What makes this connection powerful is that, if a specific distribution is Normal, and we sample randomly, we can find the probability of picking a sample that is greater than or less than a specific z-score.
10.2.2 Empirical Rule Practice
Your Turn! Calculate the following Empirical Rule
You cannot answer the last question with the Empirical Rule. To find the area under the curve that is to the left of 70 inches, you need some special tools to find these probabilities that between integers. Some tools include:
Calculus.
Luckily, this Calculus has already been done and has been recorded in the Standard Normal Probabilities Table. This is Table II on pages T-3 &4 in the back of your textbook.
-Or better yet, using R.
10.3 Solving for Normal Probability Areas given \(z\)
10.3.1 Using a z-table
The Standard Normal Probabilities Table utilizes the standard normal distribution, which has a mean of 0 and a standard deviation of 1. A portion of the table is reproduced below. To use the table, you just have to find the z-score for your data value and then look up the z-score on the table to find the probability.

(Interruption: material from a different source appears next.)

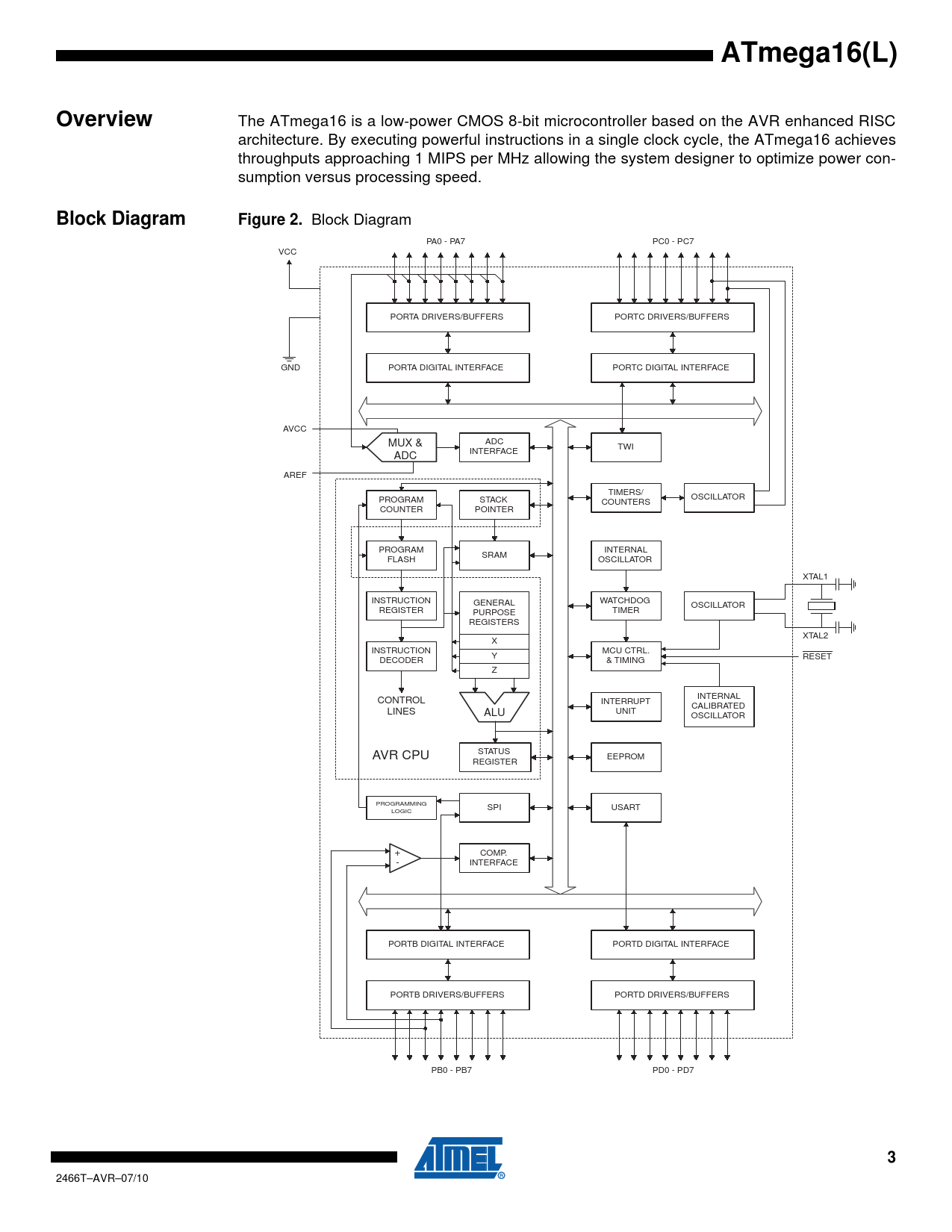 ATmega16(L)Overview The ATmega16 is a low-power CMOS 8-bit microcontroller based on the AVR enhanced RISC architecture. By executing powerful instructions in a single clock cycle, the ATmega16 achieves throughputs approaching 1 MIPS per MHz allowing the system designer to optimize power con- sumption versus processing speed. Block DiagramFigure 2. Block Diagram PA0 - PA7 PC0 - PC7 VCC PORTA DRIVERS/BUFFERS PORTC DRIVERS/BUFFERS GND PORTA DIGITAL INTERFACE PORTC DIGITAL INTERFACE AVCC ADC MUX & TWI INTERFACE ADC AREF TIMERS/ OSCILLATOR PROGRAM STACK COUNTERS COUNTER POINTER PROGRAM INTERNAL SRAM FLASH OSCILLATOR XTAL1 INSTRUCTION WATCHDOG GENERAL OSCILLATOR REGISTER TIMER PURPOSE REGISTERS XTAL2 X INSTRUCTION MCU CTRL. Y RESET DECODER & TIMING Z CONTROL INTERNAL INTERRUPT CALIBRATED LINES UNIT ALU OSCILLATOR STATUS AVR CPU EEPROM REGISTER PROGRAMMING SPI USART LOGIC + COMP. - INTERFACE PORTB DIGITAL INTERFACE PORTD DIGITAL INTERFACE PORTB DRIVERS/BUFFERS PORTD DRIVERS/BUFFERS PB0 - PB7 PD0 - PD7 3 2466T–AVR–07/10 Document Outline Features Pin Configurations Disclaimer Overview Block Diagram Pin Descriptions VCC GND Port A (PA7..PA0) Port B (PB7..PB0) Port C (PC7..PC0) Port D (PD7..PD0) RESET XTAL1 XTAL2 AVCC AREF Resources Data Retention About Code Examples AVR CPU Core Introduction Architectural Overview ALU – Arithmetic Logic Unit Status Register General Purpose Register File The X-register, Y- register and Z-register Stack Pointer Instruction Execution Timing Reset and Interrupt Handling Interrupt Response Time AVR ATmega16 Memories In-System Reprogrammable Flash Program Memory SRAM Data Memory Data Memory Access Times EEPROM Data Memory EEPROM Read/Write Access The EEPROM Address Register – EEARH and EEARL The EEPROM Data Register – EEDR The EEPROM Control Register – EECR EEPROM Write During Power-down Sleep Mode Preventing EEPROM Corruption I/O Memory System Clock and Clock Options Clock Systems and their Distribution CPU Clock – clkCPU I/O Clock – clkI/O Flash Clock – clkFLASH Asynchronous Timer Clock – clkASY ADC Clock – clkADC Clock Sources Default Clock Source Crystal Oscillator Low-frequency Crystal Oscillator External RC Oscillator Calibrated Internal RC Oscillator Oscillator Calibration Register – OSCCAL External Clock Timer/Counter Oscillator Power Management and Sleep Modes MCU Control Register – MCUCR Idle Mode ADC Noise Reduction Mode Power-down Mode Power-save Mode Standby Mode Extended Standby Mode Minimizing Power Consumption Analog to Digital Converter Analog Comparator Brown-out Detector Internal Voltage Reference Watchdog Timer Port Pins JTAG Interface and On-chip Debug System System Control and Reset Resetting the AVR Reset Sources Power-on Reset External Reset Brown-out Detection Watchdog Reset MCU Control and Status Register – MCUCSR Internal Voltage Reference Voltage Reference Enable Signals and Start-up Time Watchdog Timer Watchdog Timer Control Register – WDTCR Interrupts Interrupt Vectors in ATmega16 Moving Interrupts Between Application and Boot Space General Interrupt Control Register – GICR I/O Ports Introduction Ports as General Digital I/O Configuring the Pin Reading the Pin Value Digital Input Enable and Sleep Modes Unconnected pins Alternate Port Functions Special Function I/O Register – SFIOR Alternate Functions of Port A Alternate Functions of Port B Alternate Functions of Port C Alternate Functions of Port D Register Description for I/O Ports Port A Data Register – PORTA Port A Data Direction Register – DDRA Port A Input Pins Address – PINA Port B Data Register – PORTB Port B Data Direction Register – DDRB Port B Input Pins Address – PINB Port C Data Register – PORTC Port C Data Direction Register – DDRC Port C Input Pins Address – PINC Port D Data Register – PORTD Port D Data Direction Register – DDRD Port D Input Pins Address – PIND External Interrupts MCU Control Register – MCUCR MCU Control and Status Register – MCUCSR General Interrupt Control Register – GICR General Interrupt Flag Register – GIFR 8-bit Timer/Counter0 with PWM Overview Registers Definitions Timer/Counter Clock Sources Counter Unit Output Compare Unit Force Output Compare Compare Match Blocking by TCNT0 Write Using the Output Compare Unit Compare Match Output Unit Compare Output Mode and Waveform Generation Modes of Operation Normal Mode Clear Timer on Compare Match (CTC) Mode Fast PWM Mode Phase Correct PWM Mode Timer/Counter Timing Diagrams 8-bit Timer/Counter Register Description Timer/Counter Control Register – TCCR0 Timer/Counter Register – TCNT0 Output Compare Register – OCR0 Timer/Counter Interrupt Mask Register – TIMSK Timer/Counter Interrupt Flag Register – TIFR Timer/Counter0 and Timer/Counter1 Prescalers Internal Clock Source Prescaler Reset External Clock Source Special Function IO Register – SFIOR 16-bit Timer/Counter1 Overview Registers Definitions Compatibility Accessing 16-bit Registers Reusing the Temporary High Byte Register Timer/Counter Clock Sources Counter Unit Input Capture Unit Input Capture Pin Source Noise Canceler Using the Input Capture Unit Output Compare Units Force Output Compare Compare Match Blocking by TCNT1 Write Using the Output Compare Unit Compare Match Output Unit Compare Output Mode and Waveform Generation Modes of Operation Normal Mode Clear Timer on Compare Match (CTC) Mode Fast PWM Mode Phase Correct PWM Mode Phase and Frequency Correct PWM Mode Timer/Counter Timing Diagrams 16-bit Timer/Counter Register Description Timer/Counter1 Control Register A – TCCR1A Timer/Counter1 Control Register B – TCCR1B Timer/Counter1 – TCNT1H and TCNT1L Output Compare Register 1 A – OCR1AH and OCR1AL Output Compare Register 1 B – OCR1BH and OCR1BL Input Capture Register 1 – ICR1H and ICR1L Timer/Counter Interrupt Mask Register – TIMSK(1) Timer/Counter Interrupt Flag Register – TIFR 8-bit Timer/Counter2 with PWM and Asynchronous Operation Overview Registers Definit

In our previous example, we wanted to find the proportion of American adult men that were below 70.25 inches tall. First, calculate the z-score: \[z= \frac{\bar{x}-\mu}{\sigma}=\frac{5-4}{2}=\frac{1}{2}=0.5\]
Once we calculate a z-score, (remember this is a standardized score), we use this score to find the probability. Label the mean in the center as 0, and label $$3 standard deviations of 1 from the mean. Then mark the z-score of 0.5 on the number line of the curve and shade all the region under the curve that is to the left of 0.5.

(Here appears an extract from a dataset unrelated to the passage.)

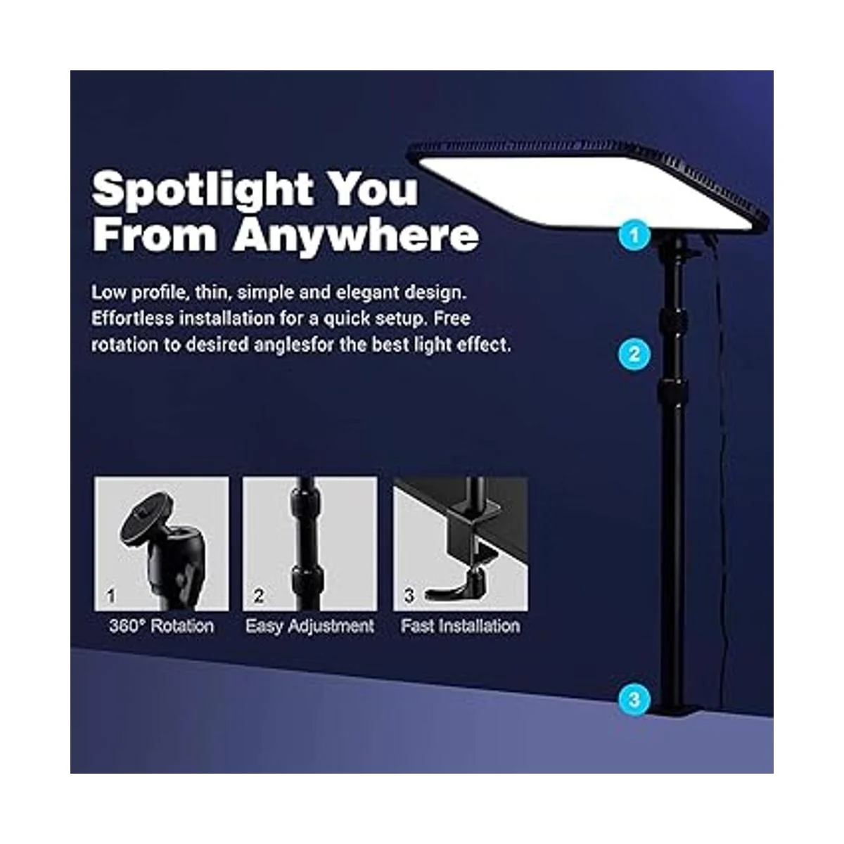 Panel de luz suave: suave para tus ojos, iluminación demasiado dura o desigual fatiga los ojos rápidamente, especialmente cuando necesitas centrarte en la pantalla durante mucho tiempo todos los días. Teniendo en cuenta el hábito desgastado de las serpentinas de deportes electrónicos, diseñamos esta luz para una fuente suave y el mejor ángulo de iluminación, lo que te aporta un brillo natural con el que tus ojos siempre están cómodos.

The probability (the area that you shaded) = 0.6915 or 69.15%. On the table, the left-hand margin lists the unit’s place and the tenth’s place of the z-score. The top margin shows the hundredth’s place of the z-score (and also has 0 in the tenth’s place). So, \(P(z ≤ 0.50) = 0.6915.\)
The solution to this problem is often written \(P(\bar{x} < 5) = P(z ≤ 0.50) = 0.6915\) to show the data value from the original distribution. The question asked “less than”, but there is no difference between “less than” and “less than or equal to” because the “equal to” part is a single line of area which can’t really be measured (even with Calculus!).
10.3.2 Using R
We can also use pnorm() in R to find the areas under the Normal distribution. To solve for the proportion of American men who are less than 70.25 inches tall:
#Recall that we found the associated z-score to be z = 0.5:
pnorm(0.5)## [1] 0.6915
#We can also be lazy, and skip solving for the z-score altogether by specifying the mean= and sd= parameters.

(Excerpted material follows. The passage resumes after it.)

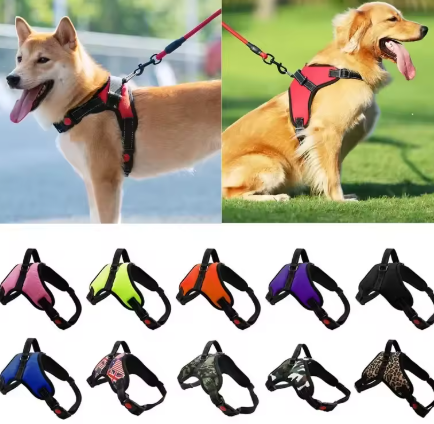 야간 산책 시 안전을 위한 반사 소재의 하네스로, 조절 가능한 스트랩으로 다양한 체형의 강아지에게 적합합니다.

pnorm(70.25, mean=69, sd=2.5)## [1] 0.6915Notice that all the methods we’ve covered assume that the area is always to the left of \(z\). If you want to find the area to the right of \(z\), or \(P(X≥z)\), then you need to do \(1- P(z≥X)\).
10.4 Solving for \(z\) given a probability
We found the probabilities given the z-score—but we sometimes need the reverse.
To do this, we use the qnorm() function in R (Q stands for quantile, another word for percentile—see the connection?). qnorm() finds the z-score for which the area to the left equals the given value. You are answering the question \(P(X < z)= \text{Given Area}\) where you are finding little z.
For example, what is the highest z-score for heights of adult men that will mark where the bottom 25%? What you are looking for is the bottom 25% of the shaded area, which is represented by \(P(X< z) =0.25\).
Now that we know that the z-score associated with the left 0.25 of the curve is \(z=-0.6744\), that means \(P(X<-0.6744)=0.25\).
Since we used \(\mu = 0\) and \(\sigma = 1\), the value given is a z-score. We can then work backwards and discover that: \[-0.6744=\frac{x-69}{2.5}\] \[-1.686=x-69\] \[ x= 67.314\]
This means any adult man shorter than 67.314 inches falls in the bottom 25% of adult men’s heights.